プラティナにもテル族やホルスの民が躊躇いなく訪れる日は、近いうちにやってくるだろう。
また同じく、エレミアの使徒がホルスの翼に降り立ち、信仰や畏怖の象徴ではなく隣人として触れ合える日も。

何はともあれ、世界は緩やかに、変化の兆しを見せ始めていた。
エレミアの騎士達にとっても例外ではない。例外ではないのだが、

「………………」

騎士の一人であるエシウス・リディウスのパートナー、フォリアは目前の光景に戸惑いを隠せなかった。
唐突とも言えるウイルスの激減と共に、しばしの不在から戻ってきた上司、シュレリアは何故かあのごてごてしい鎧を脱ぎ去り。
半ば怪奇めいた噂の立っていた装甲の中身は、信じられないことに自分より遙かに可愛らしい少女のもので。
さらに、プラティナ総帥レアードの息子として有名なライナー・バルセルトと何やらいい雰囲気になっているのだから。

フォリアは、自分が比較的冷静な考え方のできるレーヴァテイルだと思っている。
実際その認識は確かで、同僚の評価は『大人びている』というのが大半。
こと状況判断に於いて、彼女は皆、そして誰よりパートナーのエシウスからかなりの信頼を得ていた。

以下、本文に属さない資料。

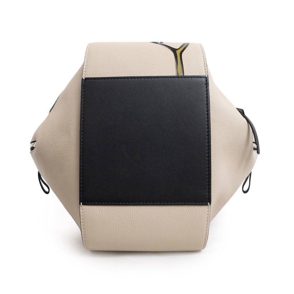 多機能性を重視したフォルムが特徴的なハンモックにカラフルに塗り分けられたハーバリウムの花柄が描かれています。ショルダーバッグやハンドバッグとして持つだけでなく、クロスボディスタイルにして現代的なスタイルと快適さを実現することも可能な革新的なシルエットです。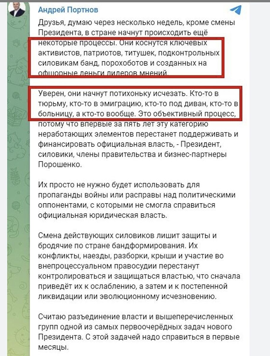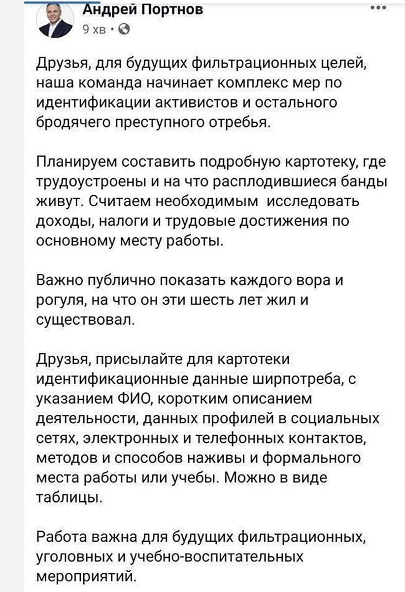 А потім в упор не помічав Портнова, який у відкриту закликав формувати розстріляьні списки із порохоботів і атошників.

しかし、そんな彼女を以ってしても、一連の事実は驚愕に値した。
シュレリアは、ひとことで言えば厳しい上司だった。
どんな状況でも確実に下される決断は合理的にして正論。
恐ろしいほど沈着で、選択を迫られれば迷わず答えを選べる強さを持つ。
レーヴァテイルとしての実力も、頭一つ抜けている。圧倒的な火力、詠唱の速さ、護り手無しに敵と渡り合える判断力。
畏怖と信頼、そして憧憬の念を持って熱い視線を送る子も、一人や二人ではない。
フォリアはそこに入りこそしないが、評価に見合う尊敬はしていた。

それが。
巡回の時こそ変わらず見事な手腕を発揮するが、仕事を終えれば豹変と言っても差し支えないほどの変わりよう。
遠巻きに窺っていただけなので具体的な会話の内容まではわからずとも、表情を見ていれば十分だ。
顔色豊かに、怒り、微笑み、時にはしゅんとし、そして仄かに頬を赤く染める。

まるで、恋する乙女のように。

ある種触れ難い雰囲気を纏っていた頃の上司と比べれば、親近感を抱けるだろう。
シュレリア様も、自分達と同じなんだと。
……でも、とフォリアは思う。

―――― いちゃつくならもう少し人目を気にした方がいいんじゃないかしら。

思うと同時に、ほんの僅かばかり、羨ましいとも感じるのだ。
人目も気にならなくなるくらい、好きでいられる幸福が。

後日、ライナーの致命的な『鈍さ』を知って、ちょっとだけ同情するフォリアだった。
こっちの気持ちに気づかない相手を持つと、苦労するものである。